SOURCE MATERIAL:
:::::

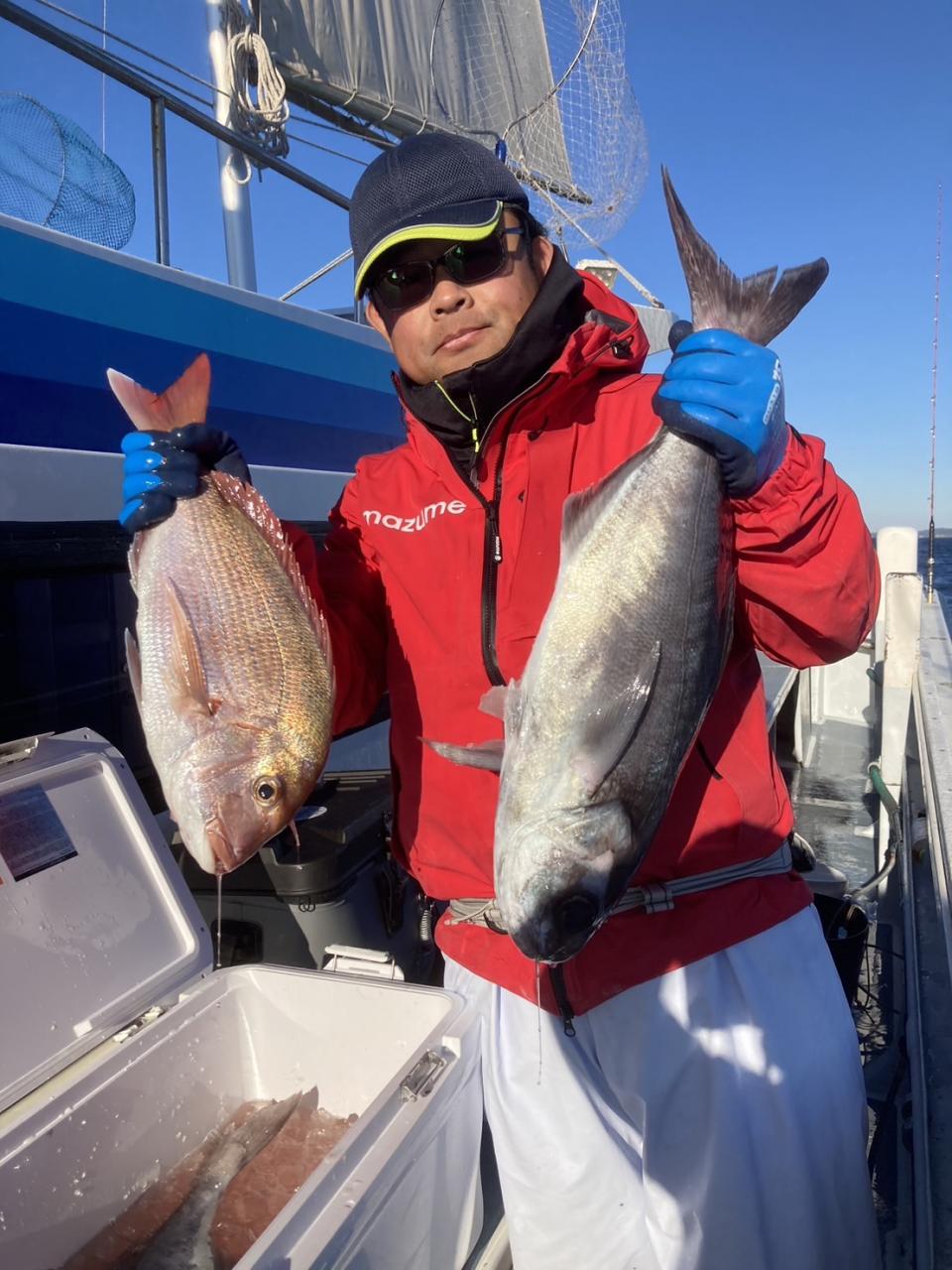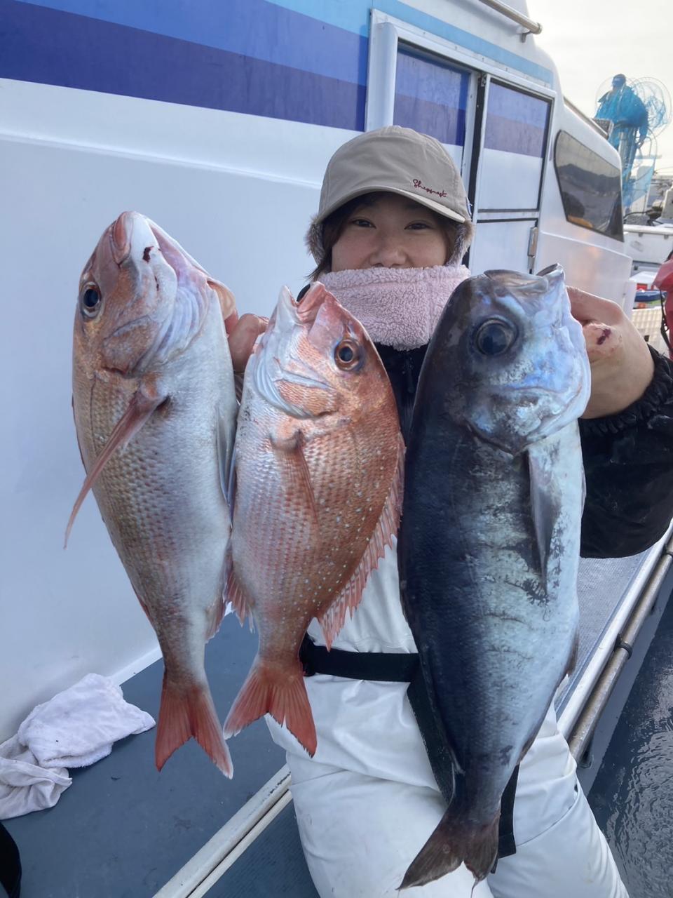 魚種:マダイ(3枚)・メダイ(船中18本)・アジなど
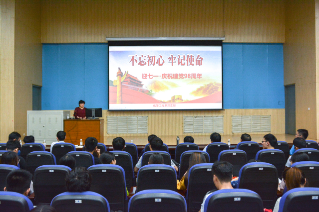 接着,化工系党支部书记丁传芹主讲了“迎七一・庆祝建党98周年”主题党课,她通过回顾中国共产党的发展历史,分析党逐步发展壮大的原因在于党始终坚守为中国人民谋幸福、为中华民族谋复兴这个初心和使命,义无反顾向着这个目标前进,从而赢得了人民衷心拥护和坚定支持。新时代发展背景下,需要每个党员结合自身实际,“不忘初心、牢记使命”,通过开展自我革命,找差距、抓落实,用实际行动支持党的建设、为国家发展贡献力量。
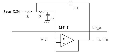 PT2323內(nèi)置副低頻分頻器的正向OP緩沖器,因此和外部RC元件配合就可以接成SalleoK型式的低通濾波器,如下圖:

:::::

INSTRUCTIONS TO FOLLOW: Ignoring the pictures, write out word for word only the lines from the one containing "接着,化工系党支部书记丁传芹" through the last line of the data, both ends included.

REPLY:
 接着,化工系党支部书记丁传芹主讲了“迎七一・庆祝建党98周年”主题党课,她通过回顾中国共产党的发展历史,分析党逐步发展壮大的原因在于党始终坚守为中国人民谋幸福、为中华民族谋复兴这个初心和使命,义无反顾向着这个目标前进,从而赢得了人民衷心拥护和坚定支持。新时代发展背景下,需要每个党员结合自身实际,“不忘初心、牢记使命”,通过开展自我革命,找差距、抓落实,用实际行动支持党的建设、为国家发展贡献力量。
 PT2323內(nèi)置副低頻分頻器的正向OP緩沖器,因此和外部RC元件配合就可以接成SalleoK型式的低通濾波器,如下圖:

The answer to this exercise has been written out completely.